Epilepsy Res. 2012 Jun;100(1-2):74-9. doi: 10.1016/j.eplepsyres.2012.01.009. Epub 2012 Feb 2.
To investigate the efficacy of pregabalin in the treatment of refractory partial seizures.
This was a 21-week, open-label study of pregabalin (150-600 mg/day) as an adjunctive therapy in adults with refractory partial seizures. The study included an 8-week baseline period, a 9-week dose-optimization period, and a 12-week treatment-observation period. The primary assessment was mean percentage change in 28-day seizure rate between baseline and the last 12 weeks of treatment.

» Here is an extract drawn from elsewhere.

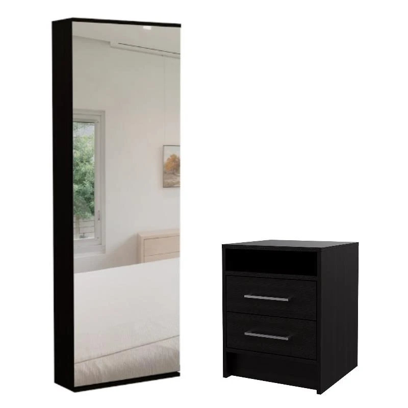 - Tuhome Black Wengue Modern Engineered Wood LETO Mounted Shoe Rack with Mirror x 1

In total, 136 Mexican patients were included in this study (55.9% women; mean age/epilepsy duration, 35.2/22.9 years). The median and mean (95% confidence interval [CI]) 28-day baseline seizure rates were 3.9 and 7.8 (5.4-10.2), respectively. The mean (95% CI) reduction in seizure frequency was 51.2% (43.0-59.3) over the last 12 weeks of treatment, while the median reduction was 57.9%. The percentage of patients with a ≥ 5 0% or ≥ 75% reduction in seizure frequency was 63.6% and 48.8%, respectively. The percentage of patients who were seizure-free during the last 4 and 12 weeks of treatment was 40.5% and 20.7%, respectively. The most common adverse events were somnolence (39.7%), dizziness (16.2%), and weight gain (14.0%).

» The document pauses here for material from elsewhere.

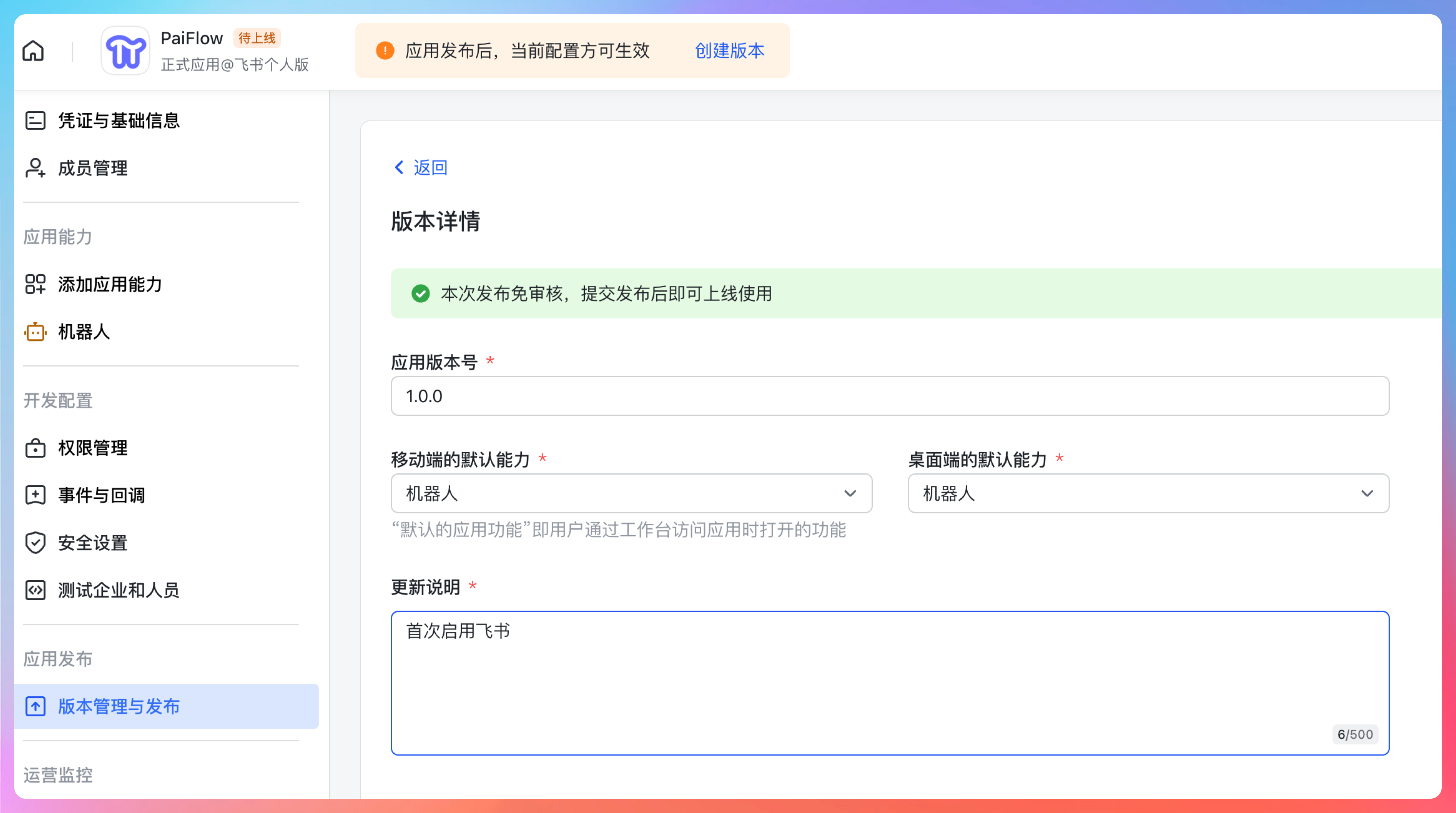 配置完成后,在版本管理与发布页面,创建一个版本并提交审核。

Pregabalin was well tolerated and associated with significant reductions in seizure frequency.
研究普瑞巴林治疗耐药性部分性癫痫发作的疗效。
这是一项为期 21 周的开放性普瑞巴林(150-600mg/天)作为辅助治疗耐药性部分性癫痫发作的成人的研究。该研究包括 8 周的基线期、9 周的剂量优化期和 12 周的治疗观察期。主要评估指标为基线期至治疗后 12 周的 28 天发作率的平均百分比变化。

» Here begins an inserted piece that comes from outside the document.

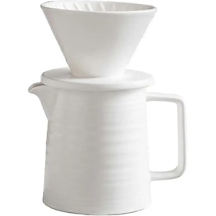 Pour Over Coffee Maker Set, Premium Ceramic V60 Dripper and Carafe, 1-2 Cup Home Filter Coffee Maker (White)

共有 136 名墨西哥患者纳入本研究(55.9%为女性;平均年龄/癫痫持续时间为 35.2/22.9 岁)。28 天基线发作率的中位数和平均值(95%置信区间[CI])分别为 3.9 和 7.8(5.4-10.2)。治疗后 12 周内,癫痫发作频率的平均(95%CI)降低了 51.2%(43.0-59.3),中位数降低了 57.9%。癫痫发作频率降低≥50%或≥75%的患者比例分别为 63.6%和 48.8%。在治疗的最后 4 周和 12 周内无癫痫发作的患者比例分别为 40.5%和 20.7%。最常见的不良反应是嗜睡(39.7%)、头晕(16.2%)和体重增加(14.0%)。
普瑞巴林耐受性良好,与癫痫发作频率的显著降低相关。